AI Data Scientist
Summary
Apple is where individual imaginations gather together, committing to the values that lead to great work. Every new product we build, service we create, or Apple Store experience we deliver is the result of us making each other’s ideas stronger. That happens because every one of us shares a belief that we can make something wonderful and share it with the world, changing lives for the better. It’s the diversity of our people and their thinking that inspires the innovation that runs through everything we do. When we bring everybody in, we can do the best work of our lives. Here, you’ll do more than join something — you’ll add something.
Description
APO BPR team is seeking a dedicated individual who is passionate about designing, implementing, and optimizing analytical solutions that deliver tangible, measurable impact within APO.

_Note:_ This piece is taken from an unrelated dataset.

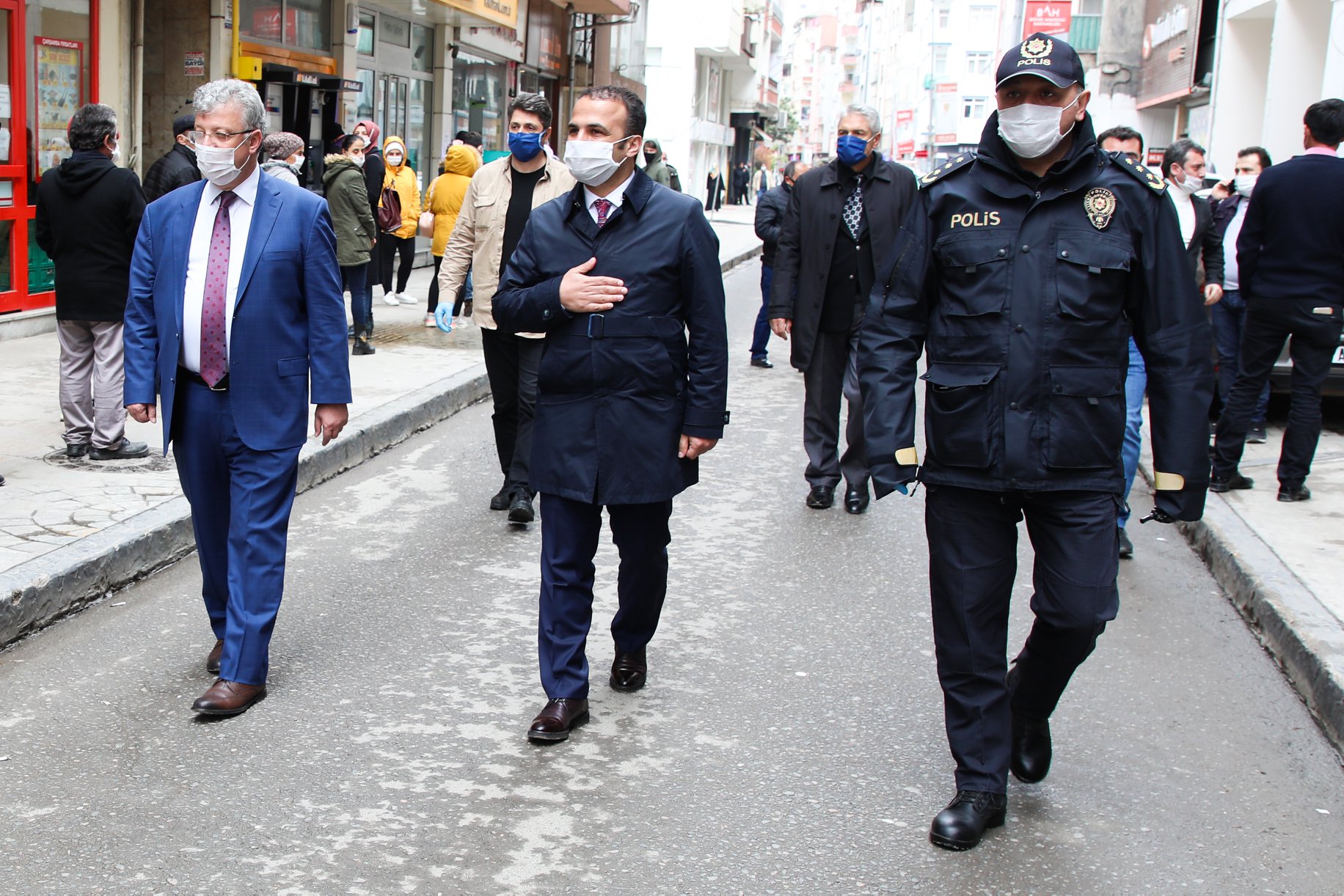 Fatsa Belediye Başkanı İbrahim Etem Kibar, İlçe Kaymakamı Ömer Lütfi Yaran ve İlçe Emniyet Müdürü Tolga Sipahi ile birlikte Kurtuluş Mahallesindeki Perşembe Pazarına ve Reşadiye Caddesindeki esnaflara ziyaret ederek hem esnaflarla hem de vatandaşlarla sohbet etme imkanı buldular. Fatsa Belediye Başkanı İbrahim Etem Kibar, İlçe Kaymakamı Ömer Lütfi Yaran ve İlçe Emniyet Müdürü Tolga Sipahi Başkan Kibar, pazarın giriş noktalarında uygulanan sosyal mesafe kuralı ve maske dağıtımını kontrol etti. Başkan Kibar ve Kaymakam Yaran zabıta ekiplerinden sık sık pazar alanını gezerek, maskesiz satış yapılmaması ve vatandaşların maskesiz içeriye girişlerine izin verilmemesi noktasında duyarlı olmalarını istedi. Başkan Kibar ve Kaymakam Yaran pazar esnafına hayırlı işler dilerken, vatandaşlarla sosyal mesafe kuralına uyarak sohbet etti. “KURALLARA UYARAK HEM KENDİMİZİ HEM DE ÇEVREMİZİ KORUMUŞ OLURUZ” Fatsa Belediye Başkanı İbrahim Etem Kibar Perşembe Pazarı ve Reşadiye Caddesinde gerçekleştirdikleri ziyaretle ilgili yaptığı açıklamada, “Covid-19 tüm Dünya için büyük bir tehdit. Sabrederek, devletimizin koyduğu kurallara uyarak, alınan tedbirlere güvenerek, en önemlisi kendimizi sakınarak ve gelecek güzel günlere inancımızı bir an olsun yitirmeyerek selamete ereceğiz. Pazar yerlerindeki girişlerin kontrol altına alınması ve içerideki esnaf sayısının belli bir oranında, içeride müşteri bulunması noktasında düzenleme var. Bu çalışmaların uygulanıp uygulanmadığını kontrol ettik. Hem esnafımız hem de vatandaşımız kurallara riayet ediyor. Halkımızın kurallara uymasından memnuniyet duyuyoruz. Pazar alanının etrafını bariyerlerle çevirdik. Giriş ve çıkışlar belli noktadan oluyor. Girişlerde maskesi olmayan vatandaşlara maske dağıtıyoruz. Hijyen kurallarına uyarsak ve temastan uzak durursak, bu hastalık konusunda hem kendimizi hem de çevremizi korumuş oluruz.” dedi.

As an AI Data Scientist, you will leverage advanced machine learning deep learning, and statistical modeling techniques to analyze large and complex datasets, extract valuable insights and build robust models that drive critical business decisions. You will collaborate closely with cross-functional teams to transform these data-driven insights into actionable AI applications, delivering measurable value across the organization.
Responsibilities
- In this role, you will
- - Evaluate ML & MM-LLM Models: Analyze, validate, and benchmark computer vision, multi-modal, and large language models(LLMs) to ensure they meet accuracy, robustness, and usability standards, utilizing techniques such as A/B testing and cross-validation, and other model evaluation methods
- - Develop Metrics: Design and implement performance and evaluation metrics to measure model efficiency, accuracy, and scalability in real-world production environments.
- - Failure Analysis: Conduct root cause analysis on model failures across computer vision and multi-modal language model pipelines, identifying improvement areas and collaborating with relevant teams to implement solution.
- - Data Processing: Clean, transform, and curate large-scale structured and unstructured datasets, facilitating efficient model evaluation, benchmarking, and testing across diverse data modalities
- - Model Optimization: Implement innovative model optimization techniques (e.g. model distillation, quantization, pruning) to improve model scalability, performance, and real-world deployment.
- - Collaborate multi-functionally: Collaborate with cross-functional teams, including development, business analysts, and APO teams to integrate models into production.
- - Communicate Results: Communicate findings clearly through technical reports, dashboards, and presentations, tailored to both technical and non-technical audiences.
Minimum Qualifications
- - 3+ years of experience in data science, machine learning, data analysis, or data modeling, with a strong focus on model evaluation, accuracy, and performance metrics.
- - Familiarity with vector similarity search, retrieval-augmented generation(RAG) architectures, and LLM prompt evaluation techniques, with experience in integrating these methods into real-world applications
- - Advanced programming skills in data manipulation, data processing, and building scalable data pipelines ( SQL & Python preferred). Experience with distributed computing is a plus
- - Experience crafting, conducting, analyzing, and interpreting experiments and investigations.
- - Comfort with ambiguity, with the ability to structure complex analysis and drive insights through data exploration and strategy research.
Preferred Qualifications
- - Experience working with multi-modal foundation models (e.g. GPT-4, Gemini 2.5, Claude 3/4, LLaVA, Flamingo) in practical application such as model training, evaluation, and optimization.
- - Hands-on experience with LLMs and GenAI frameworks (e.g. LangChain, LlamaIndex) for developing and optimizing AI-driven applications
- - Familiarity with embedding, retrieval algorithms, agents, and data modeling for vector development graphs.
- - Proven experience managing complex projects and collaborating across cross-functional teams
- - Detail-oriented to keep track of and understand the workings of sophisticated algorithms.
- - Strong experience articulating and translating business questions into data solutions.
- - Curious, self-motivated, and able to drive improvements to model evaluation pipelines and annotation programs.
- - Eagerness and ability to learn new skills and solve dynamic problems in an encouraging and expansive environment.
- - Outstanding communication skills – both written and verbal – with experience presenting to leadership.
Apple is an equal opportunity employer that is committed to inclusion and diversity, and thus we treat all applicants fairly and equally. Apple is committed to working with and providing reasonable accommodation to applicants with physical and mental disabilities.